Glandjila from Frost Gelato in Albuquerque

The Land of Enchantment’s culinary community was feted during the New Mexico Restaurant Association’s 2016 Hospitality Industry Awards banquet. Restaurateur of the Year honors went to Laura Leal of Leal’s Mexican Food Restaurant in Clovis. Pizza 9 earned the Restaurant Neighbor Award for its community involvement. Chef of the Year went to Tatsu Mizayaki of The Restaurant at Sierra Grande in Truth or Consequences while Wayne Moore of St. Clair Winery & Bistro earned Manager of the Year honors. Several other restaurants were recognized for feeding New Mexico’s families for more than forty years.

Saveur Magazine writer Matt Taylor-Gross undertook a hunt for Hatch chiles, a trek that began at the Hatch Chile Festival which he compared to “walking around an O’Keeffe painting.” Though Georgia O’Keefe may not have spent much time in Hatch, she was known to cook with and enjoy chile. On his weekend assignment to the chile capital of the world, Taylor-Gross enjoyed chile in several New Mexican staples as well as in a milkshake from Sparky’s. He also discovered sopaipillas from Church Street Cafe in Albuquerque.

August, 2016

Pepper Lamb from Budai Gourmet (Photo Courtesy of Haley Hamilton)

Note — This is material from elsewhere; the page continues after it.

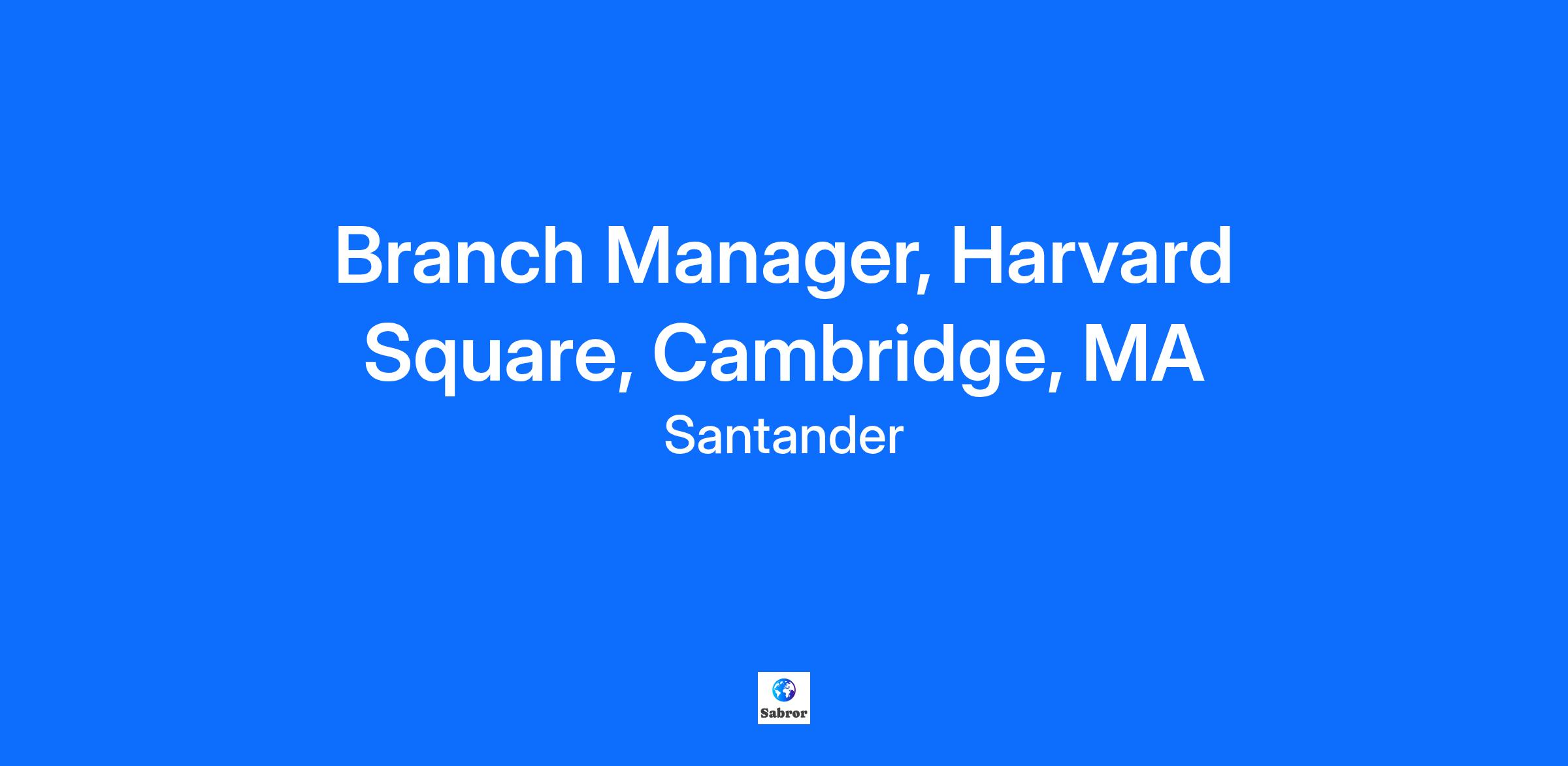 Branch Manager, Harvard Square, Cambridge, MA Country: United States of America Your Journey Starts Here: Santander is a global leader and innovator in the financial services industry. We believe that our employees are our greatest asset. Our focus is on fostering an enriching journey that empowers you to explore diverse career opportunities while nurturing your personal growth. We are committed to creating an environment where continuous learning and development are prioritized, enabling you to thrive both professionally and personally. Here, you will find ample opportunities to connect and collaborate with talented colleagues from around the world, sharing insights and driving innovation together. Join us at Santander, where you are supported by a culture of engagement and a commitment to your success. An exciting journey awaits, if you are interested in exploring the possibilities We Want to Talk to You! The Difference You Make: As a Branch Manager you oversee the performance of the branch and daily operations, ensuring excellent customer experience, achievement of financial goals and efficient operations. The manager is responsible for leading and coaching a team, managing sales activities, deepening customer relationships, and ensuring compliance with banking regulations. This role includes fostering a positive work environment to drive employee engagement and productivity. You develop a culture within the branch in which quality and continuous improvement on all performance accountabilities are understood and utilized by all team members. Direct overall branch performance, leading team to achieve sales targets, optimize operational processes and enhance customer satisfaction. Develop and implement sales strategies to grow revenue and market share. Motivate sales teams to effectively manage a pipeline of prospects and customers. Engage in consultative conversations with customers to offer tailored solutions that enhance their financial well-being, foster customer loyalty and increase branch productivity. Analyze branch performance data to drive strategic decisions to improve branch performance and operational efficiency. Coach and develop team members, setting clear expectations, enhancing performance and fostering professional development. Responsible for hiring, retaining and motivating branch colleagues across all job families within the branch. Accountable for managing branch scheduling to balance branch needs with employee availability. Utilize digital technologies and platforms to enhance customer interactions, educate them on self-service options and drive business outcomes. Provide an elevated experience, simplifying processes for customers while ensuring exceptional customer service. Manage escalated customer problems and provide effective solutions. Communicate clearly and effectively with customers in person, over the phone, or through digital channels. Accountable for risk management and compliance within a complex business environment, ensuring adherence to all company policies and regulatory requirements. Responsibilities may extend to supporting nearby branch locations based on business necessity. What You Bring: To perform this job successfully, an individual must be able to perform each essential duty satisfactorily. The requirements listed below are representative of the knowledge, skill, and/or ability required. Reasonable accommodations may be made to enable individuals with disabilities to perform the essential functions. High school diploma, GED: or equivalent education - Required. Bachelor's Degree: in related field or equivalent demonstrated through a combination of work experience, training, military service, or education - Preferred. 3+ Years Demonstrated successful experience in Retail Bank sales management or related bank operations/support function - Required. (OR) 5+ Years Experience in Retail sales management or equivalent demonstrated through a combination of work experience, training, military service, or education - Required. (OR) 12+ Months Demonstrated successful Santander experience related to the essential functions and responsibilities of the Branch Manager role. District Executive, District Operations Manager and Region President endorsement of performance - Required. (AND) 3+ Years Experience selling products and/or services in an incentive-based environment - Required. Proven experience in a sales leadership role, preferably as a Branch Manager or similar position. Proven relationship-building skills and a customer-centric approach. Excellent leadership and team management skills. Excellent customer service skills and a passion for helping others. Strong problem-solving skills with a proactive approach to issue resolution. Experience in coaching and developing team members. Excellent communication, consultative and influence skills both verbal and written. Ability to educate and connect customers to technology and share the value of digital tools and platforms. Ability to make data-driven decisions to improve performance and operational outcomes. Establishes and maintains effective working relationships. Ability to create a positive work environment and drive employee engagement. Strong knowledge of company policy, compliance regulations, risk management and loss prevention. Ability to work in a fast-paced environment and manage multiple priorities. Ability to interact with integrity and professionalism with customers and employees. Computer proficiency and basic math skills. Ability to work branch hours, which can include weekends and evenings. Certifications: No Certifications listed for this job. It Would Be Nice For You To Have: Established work history or equivalent demonstrated through a combination of work experience, training, military service, or education. Experience in Microsoft Office products. What Else You Need To Know: The base pay range for this position is posted below and represents the annualized salary range. For hourly p
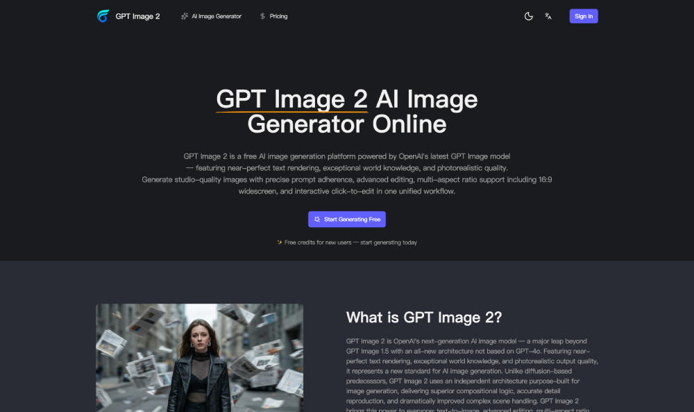 GPT Image 2 is a modern AI-powered image generation and editing platform designed to transform text prompts into high-quality visuals with minimal effort. Built around next-generation image modeling technology, GPT Image 2 enables users to create photorealistic images, detailed illustrations, and production-ready graphics directly in the browser. The platform combines text-to-image generation, image-to-image transformation, and advanced editing tools into a single streamlined workflow, making it accessible to both beginners and professionals. One of the standout strengths of GPT Image 2 is its ability to render text inside images with remarkable clarity. Unlike earlier AI image tools that often struggled with typography, GPT Image 2 produces accurate, readable text in posters, UI mockups, labels, and marketing assets. This capability makes it particularly valuable for commercial use cases where visual precision matters. GPT Image 2 also delivers strong photorealistic quality, supported by improved understanding of real-world objects, lighting, and composition. Its enhanced world knowledge allows the system to interpret prompts more accurately, reducing the need for repeated adjustments. Users can generate images in multiple aspect ratios such as widescreen, vertical, or square formats, making it suitable for social media, presentations, and advertising workflows. Beyond generation, GPT Image 2 offers intuitive editing features. Users can modify images using natural language instructions, adjust specific regions, upscale low-resolution assets, or transform existing visuals without complex tools. The platform is designed to keep the entire creative process within one interface, enabling fast iteration and efficient production. With a clean interface, optional free access, and scalable credit-based plans, GPT Image 2 lowers the barrier to professional-grade image creation. It serves as a practical solution for creators, marketers, and teams who need fast, reliable, and high-quality visual content without traditional design overhead.

In August, 2016, Spoon University, the self-proclaimed “everyday food resource for our generation, on a mission to make food make sense” set off on a course to identify the 50 best ice cream desserts in every state,” one from each state in the fruited plain. The Land of Enchantment’s representative was the ice cream taco from Pop Fizz. Spoon University waxed poetic about this ice cream: “We all scream for this ice cream. You can find this bad boy in Albuquerque, NM, and you can choose from several flavors such as cinnamon churro, cookies and cream, and strawberry.”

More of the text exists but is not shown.